A 30B Qwen model walks into a Raspberry Pi and runs in real time

Performance & “real time” on Raspberry Pi

  • OP’s claim clarified: on a Pi 5 (16GB), Qwen3‑30B‑A3B Q3_K_S (2.7 bpw) reaches ~8 tokens/sec while preserving ~94% of BF16 benchmark accuracy.
  • Several users reproduced results: one needed -c 4096 (shorter context) to avoid OOM, then saw ~6–8 tok/s generation and ~8–10 tok/s prompt processing; longer outputs dropped to ~4–6 tok/s.
  • Another reported ~3–4 tok/s with same model, unclear why. Others benchmarked similar speeds on low‑end x86 mini‑PCs and better speeds (15–40 tok/s) on desktop CPUs/GPUs.
  • Some note the reduced context (e.g. 4096) is a real limitation and can degrade answer quality for longer interactions.
  • Debate on “real time”: some use it loosely (“as fast as you can read”), others insist real‑time means bounded latency (e.g. ~10 tok/s including TTS) or sub‑30ms reactions.

Quantization, accuracy metrics & A3B MoE

  • Quantization discussed as per‑tensor, variable‑bit (“average bpw”) with surprisingly high benchmark retention.
  • “Accuracy” here means combined scores on GSM8K, MMLU, IFEVAL, and LiveCodeBench; link to vendor’s methodology is referenced.
  • Some feel calling it “30B” is misleading because it’s an A3B MoE model: only ~3B parameters are active per token, so memory bandwidth per token is closer to a 3–5B dense model, though total parameters are ~30B.
  • Explanations of MoE: a small “router” picks a subset of experts per token, so most weights are never fetched per step.

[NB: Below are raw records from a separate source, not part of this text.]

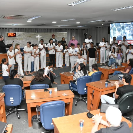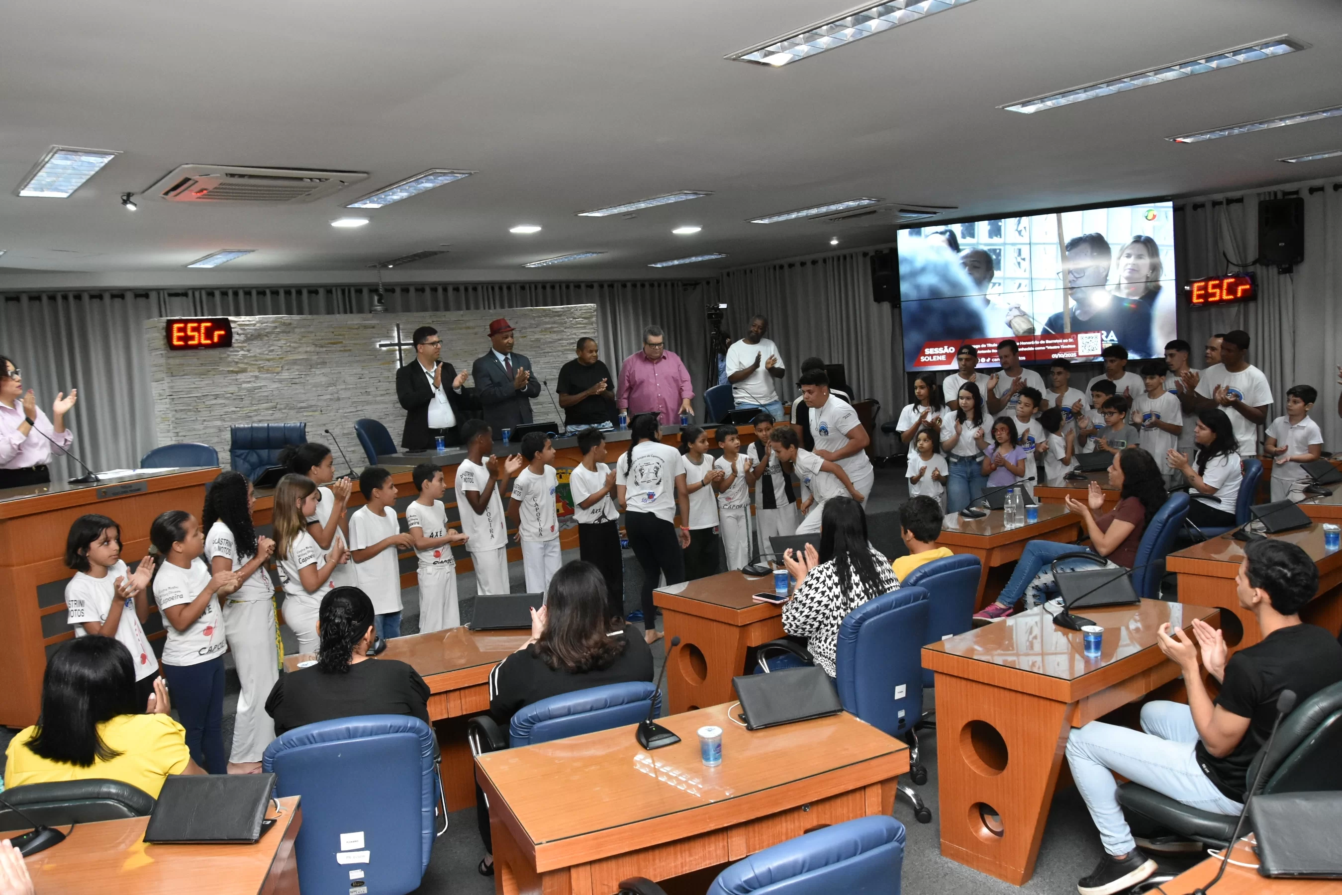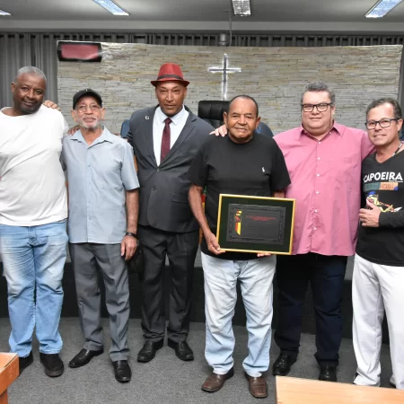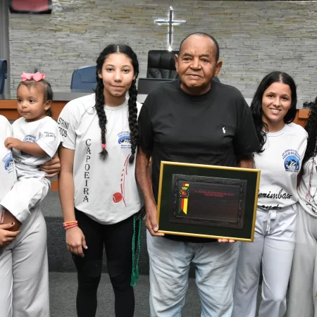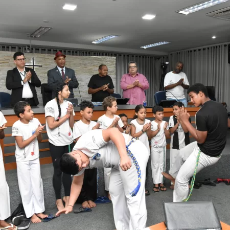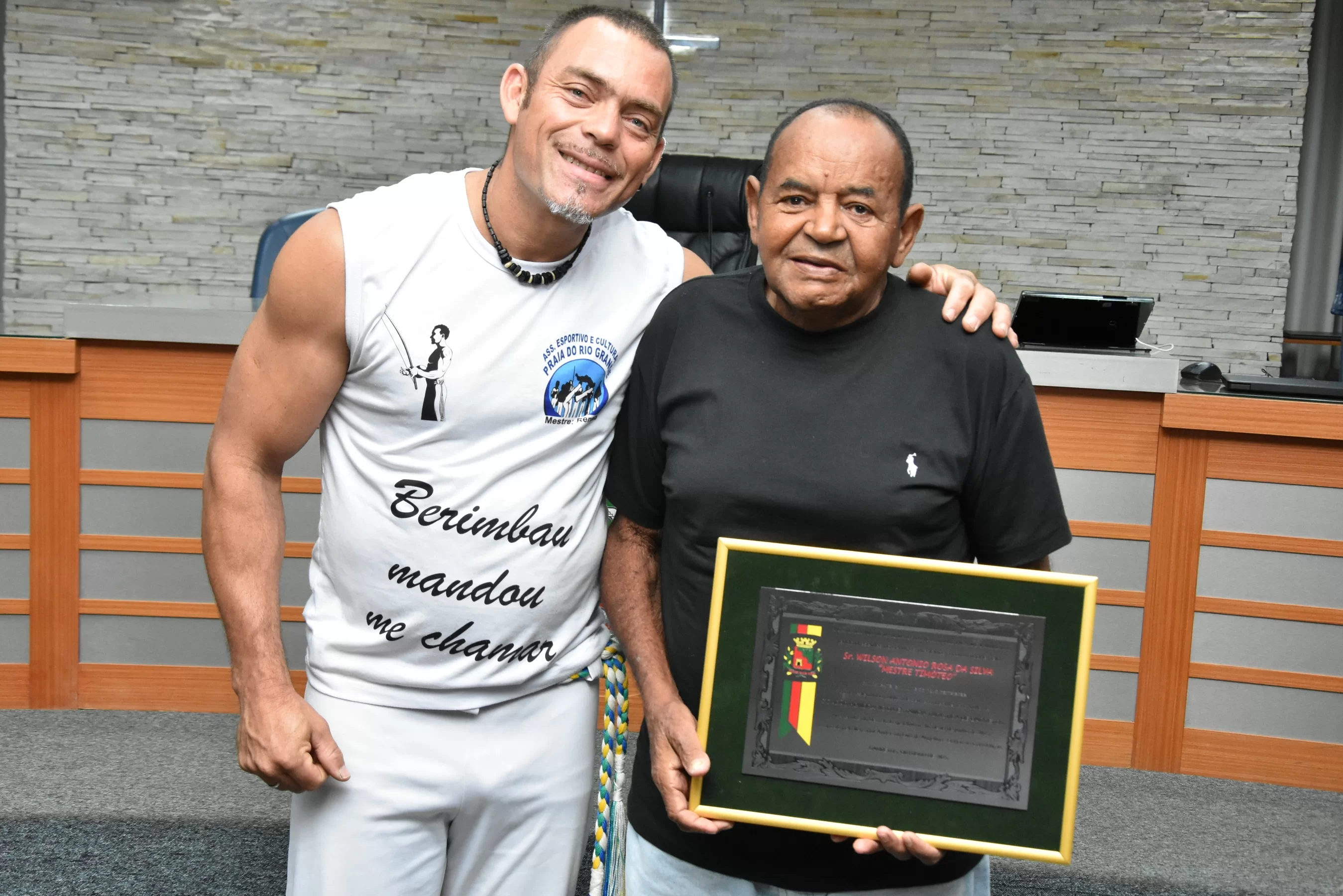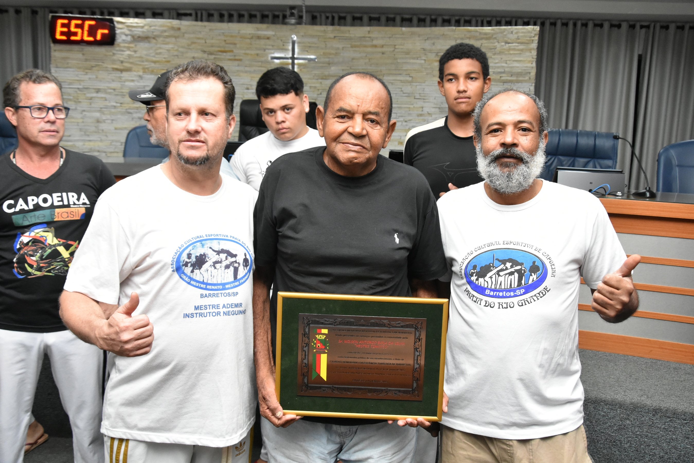 Familiares, amigos e vários alunos de capoeira (que fizeram uma linda apresentação) estiveram presentes à solenidade, que foi realizada no Plenário da Câmara Municipal.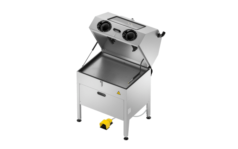 Questo impianto permette di eseguire il lavaggio manuale di particolari meccanici di piccole e medie dimensioni per mezzo di due guanti installati nella parte frontale.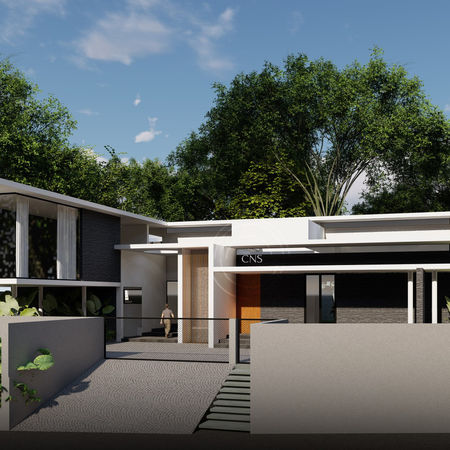 This contemporary residence embodies a harmonious blend of sleek modernity and functional design, featuring clean lines, open-plan spaces, and expansive glass facades that invite natural light and integrate indoor and outdoor living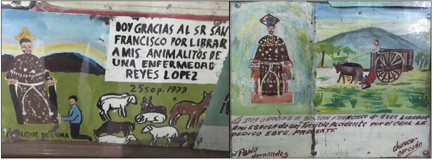 1. Real de Catorce concentra 39 establecimientos de hospedaje y una llegada anual de 38 109 turistas -80% de origen nacional- (Inegi, 2017). Actualmente, los visitantes atraídos por el imaginario agreste rural del lugar se mezclan con los peregrinos devotos de San Francisco de Asís,44 imagen situada en la Parroquia de la Purísima y que, desde el siglo XVIII, ha atraído fieles. Los peregrinos tienen motivaciones y comportamientos distintos a los turistas, pues, aunque representan una afluencia importante,45 no suelen pernoctar.46 Los exvotos dedicados al santo, exhibidos por miles, en la Parroquia de la Purísima (Figura 8), representan milagros asociados con la sanación de enfermedades, ayuda en accidentes sufridos por los mineros, así como la resolución de problemas de la vida en el campo (curación de animales, rescate de cosechas, etc.). Es reveladora la composición visual de los exvotos: incluye el paisaje ruralizado de Real de Catorce y la cosmogonía del campo mexicano. El eje L de movilidad peregrino-turística, que contiene las calles Lanzagorta y Libertad [ruta que conecta el Túnel Ogarrio47 y la capilla de Guadalupe] representa el territorio apropiado y usado en el contexto de las tradiciones sacro-urbano-rurales y sus eventos decurrentes; marca los desplazamientos peregrino-turísticos, concentra los principales equipamientos, atractivos y comercio turísticos en el área localizada entre la Parroquia de la Purísima y la Plaza de Armas.

Local assistants & smart home visions

  • Strong interest in a privacy‑preserving, fully local “Alexa replacement”:
    • Cheap room devices (mic/speaker, maybe display) + a home server + pluggable inference boxes.
    • Desire for plug‑and‑play standards, no cloud accounts, and voice control over timers, weather, basic queries, and home automation.
  • Home Assistant + its Voice edition mentioned as close to this vision; others point to text‑based assistants and DIY agents.
  • Some want proactive, context‑aware local agents that listen to household conversations, identify problems, and later propose solutions—seen by some as exciting, by others as creepy.

HN summaries & AI in the comment stream

  • One user wants an HN front page with automatic LLM article summaries; others strongly oppose AI‑generated “slop” in comments.
  • Compromise suggestions: browser extensions/userscripts that call LLMs client‑side so HN itself stays human‑written.
  • Concern raised that over‑reliance on summaries may harm media literacy and flatten authors’ style and nuance.

Hardware constraints & inference accelerators

  • Several argue for ubiquitous, cheap inference chips/NPUs on all boards to offload LLM compute.
  • Others counter that memory capacity and bandwidth, not raw FLOPs, are the main bottlenecks for LLMs; just adding compute units doesn’t fix that.
  • NPUs already exist in many consumer devices (e.g. “Copilot+” PCs), but software support and real‑world use remain limited.

Model choice & usefulness of small models

  • Suggestions for exploring models via OpenRouter‑like services: cheap per‑token access to many models for comparison.
  • 30B‑class quantized models (e.g. Qwen3‑30B A3B) seen as a current sweet spot: not frontier‑level but often better than GPT‑4o and usable as basic coding agents when enough VRAM/RAM is available.
  • Smaller models (4–8B) recommended for tasks like translation or summarization on modest hardware.
  • Experiences with ultra‑small models (0.6–1B) are mixed: some find them surprisingly capable for narrow, structured tasks and “natural language sheen”; others say they’re effectively useless for anything that matters.

Edge / local inference use cases

  • Users discuss which tasks fit “slow but private” local inference:
    • Smart‑home analysis (Home Assistant logs, sensor data), anomaly or “interesting pattern” detection.
    • Long‑running, non‑critical background agents that don’t require perfect accuracy.
  • A few note that while edge demos are impressive, practical deployment faces messy constraints: thermals, power draw, RAM limits, and unclear real‑world need versus just using the cloud.